Delimiters in Pandas read_csv | Understanding delimiters in pandas

Contents

This blog was published as part of Data Science Blogathon 7

import pandas as pd

Every data analysis project requires a data set. These data sets are available in various file formats, as .xlsx, .json, .csv, .html. Conventionally, data sets are mainly found in .csv format. CSV (O Comma Separated Values), as the name suggests, have data elements separated by commas. CSV files are plain text files that have a lighter file size. What's more, CSV files can be viewed and saved in table form in popular tools like Microsoft Excel and Google Sheets.

Commas used in CSV files are known as delimiters. Think of delimiters as a separation boundary that distinguishes between two subsequent data items.

tiny-people-analyst-data-scientist-working-with-data-data-driven-business-model-comprehensive-data-strategies-new-economic-model-concept_335657-2420-8973063
Image source – Here

Reading CSV files using Pandas

To read these CSV files, we use a function from the Pandas library called read_csv ().

df = pd.read_csv()

The read_csv function () it has dozens of parameters of which one is mandatory and others are optional for ad hoc use. This mandatory parameter specifies the CSV file that we want to read. For instance,

df = pd.read_csv("C:UsersRahulDesktopabc.csv")

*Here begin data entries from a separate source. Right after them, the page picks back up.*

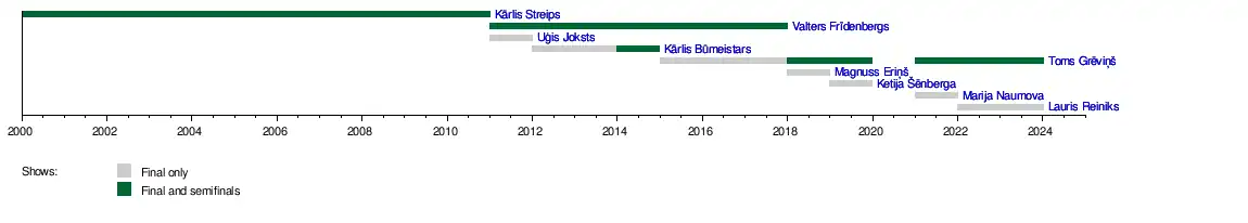 | 2023 | Toms Grēviņš (all), Lauris Reiniks (final) | Jānis Pētersons |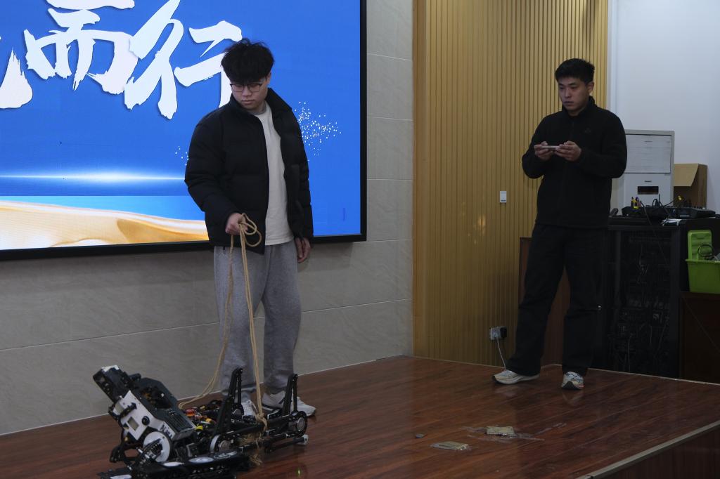 在“机甲秀场”环节,战队成员唐申宇操控机器人进行精准抓取与灵活避障。在他的指导下,现场同学走上前台,亲手尝试操控机器人完成移动等基础任务。当指令转化为机器人的实体动作时,同学们的脸上洋溢着新奇与成就感。
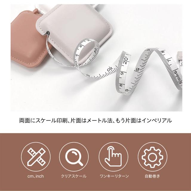 メジャー 巻尺 テープメジャー オートメジャー 150cm 6inch革小物 手芸 裁縫 PUレザー コンパクト 携帯 かわいい プレゼント t-measure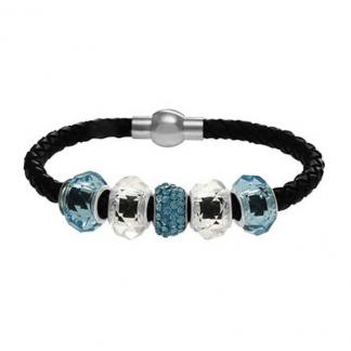 STAINLESS STEEL BRACELET WITH LEATHER & MAGNET LOCK WITH ROUND CZ PENDANT IN CENTER WITH TWO BLUE & TWO WHITE CRYSTAL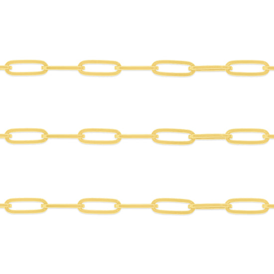 If you are looking for a distinctive chain element for your next jewelry collection, consider RIVA Precision's square-edged (or flat) paper clip link chain in high-polish 14K or 18K yellow gold, featuring medium-sized extra-elongated links. Each link measures 4mm x 11mm. We also make this chain in rose gold and white gold.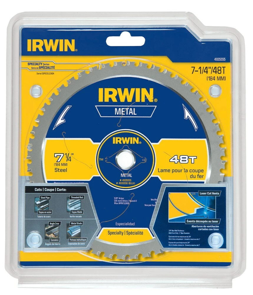 IRWIN addresses all your portable metal cutting needs with its 7-1/4-in 48-tooth carbide circular saw blade. It’s manufactured with metal cutting-grade carbide that quickly and smoothly cuts through ferrous steel. The saw blade teeth are also designed to withstand hard impact, minimize wear, and extend the life of the product. This 7-1/4-in circular saw blade features an anti-kickback design that reduces sparks, resulting in a safer metal cutting job for you. The product also has anti-vibration vents that contribute to sharper, more precise cuts. Don’t wait for your next project to start before switching to this high-grade metal-cutting circular saw blade. Get this high-quality IRWIN product today.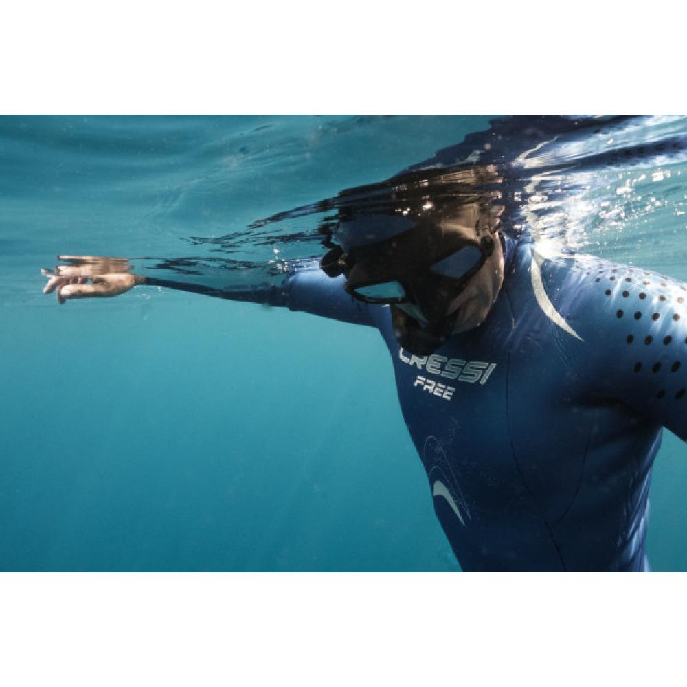 Atom is a mask for the most demanding freediver. It is a radical mask, featuring an incredibly low internal volume, designed for freediving. It is a frameless mask. Construction material has been redu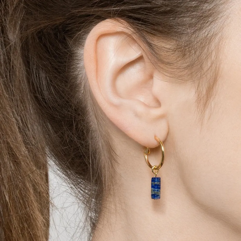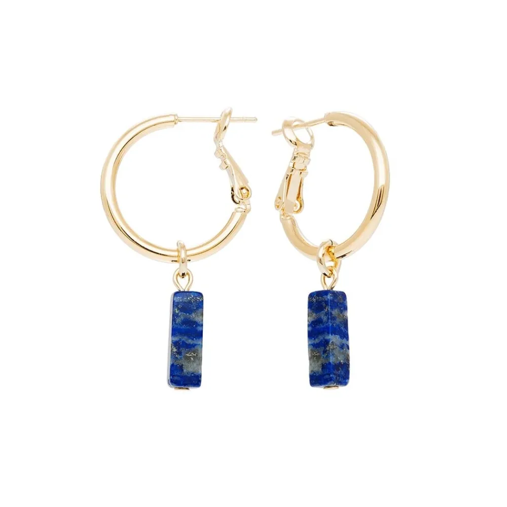 Les créoles sont ornées d’une pierre rectangulaire en lapis lazuli.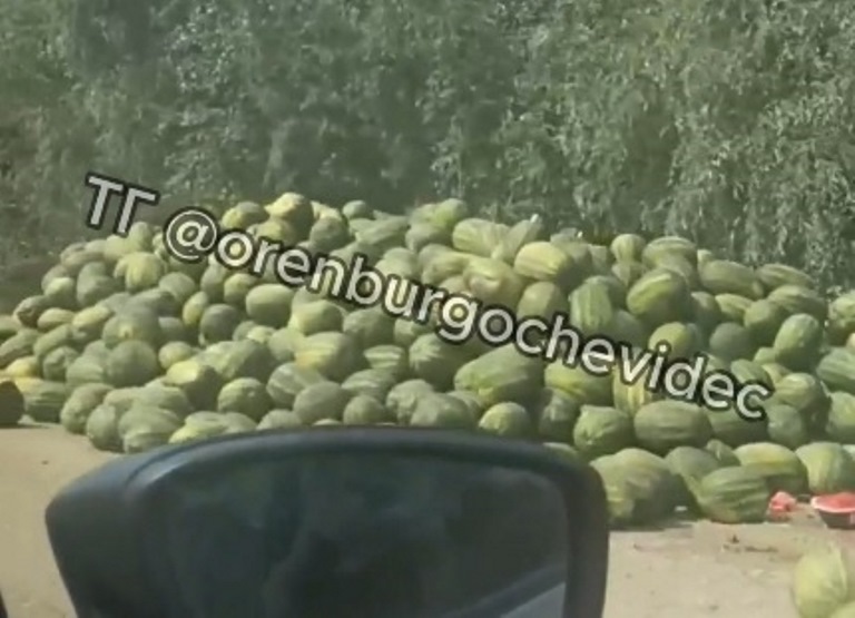 По словам очевидцев, ДТП произошло накануне, 21 августа, на участке трассы Оренбург-Соль-Илецк. Фура груженая арбузами съехала с дороги и опрокинулась на бок. В результате из кузова рассыпались арбузы.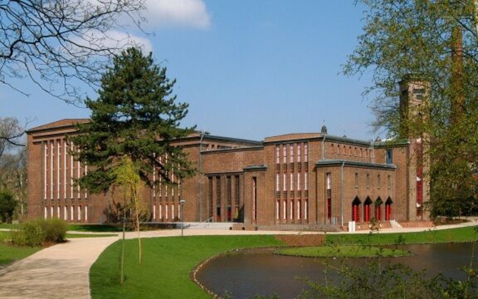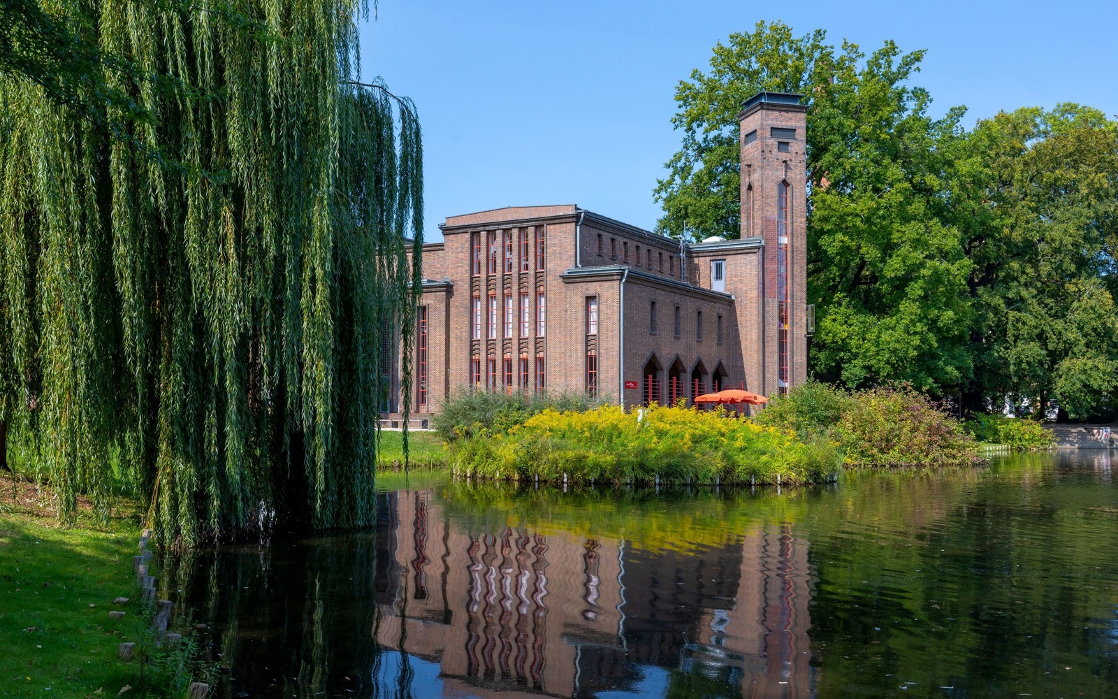 Braniborské zemské muzeum moderního umění Cottbus - Pohled na muzeum z parku, Foto: Marlies Kross, Lizenz: Brandenburgische Kulturstiftung
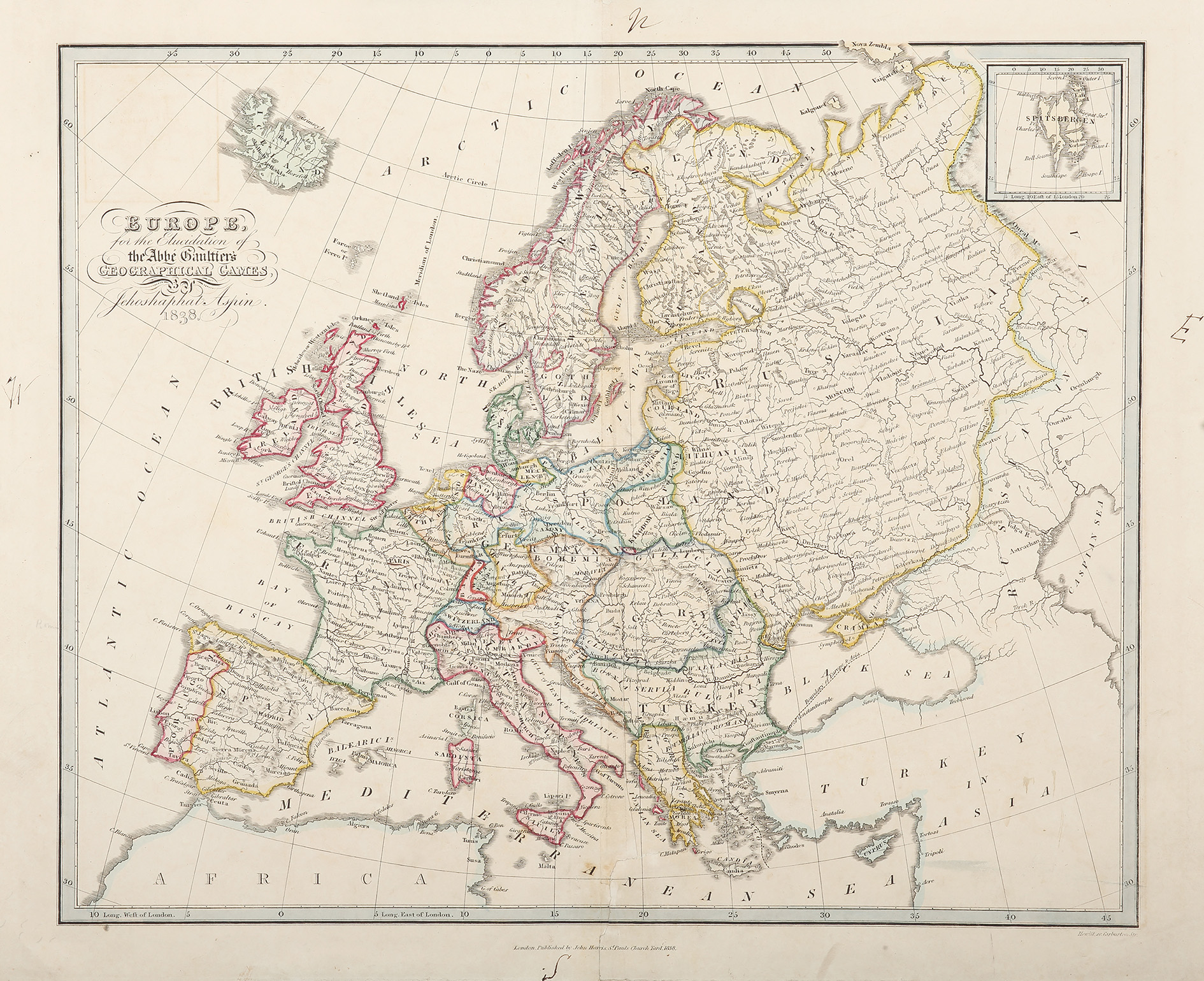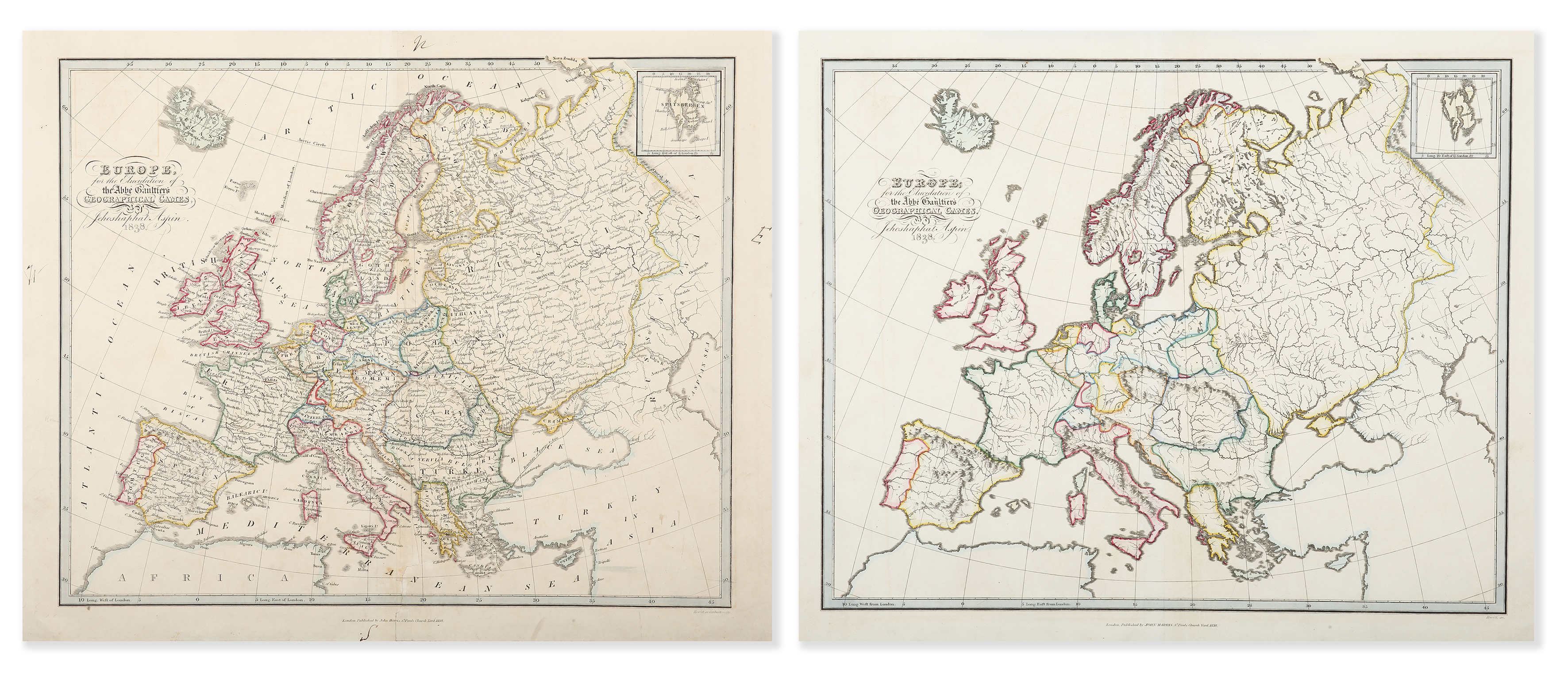 Scarce pair of c.19th educational maps of Europe, from, A complete course of geography, by means of instructive games, invented by the Abbe Gaultier, by Jehoshaphat Aspin.

Note: Remember to use double backslashes when specifying the file path.

11393comma-1940477
archivo abc.csv

(Source: personal computer)

The sep parameter

One of the optional parameters in read_csv () it is sep, a short name for separator. This operator is the delimiter we talked about before. This sep parameter tells the interpreter, which delimiter is used in our dataset or in Layman's term, how data elements are separated in our CSV file.

The default value of the sep parameter is the coma (,) which means that if we don't specify the sep parameter in our read_csv function (), our file is understood to be using a comma as a delimiter. Therefore, in our code snippet above, we don't specify the sep parameter, our file was understood to have commas as delimiters.

Use other delimiters

It can often happen, the dataset in .csv file format has data elements separated by a delimiter that is not a comma. This includes semicolons, two points, tab space, vertical bars, etc. In such cases, we need to use the sep parameter inside the read.csv function (). For instance, a file called Example.csv it is a CSV file separated by semicolons.

62554semicolon-4558716
Archivo Example.csv

(Source: personal computer)

df = pd.read_csv("C:UsersRahulDesktopExample.csv", sep = ';')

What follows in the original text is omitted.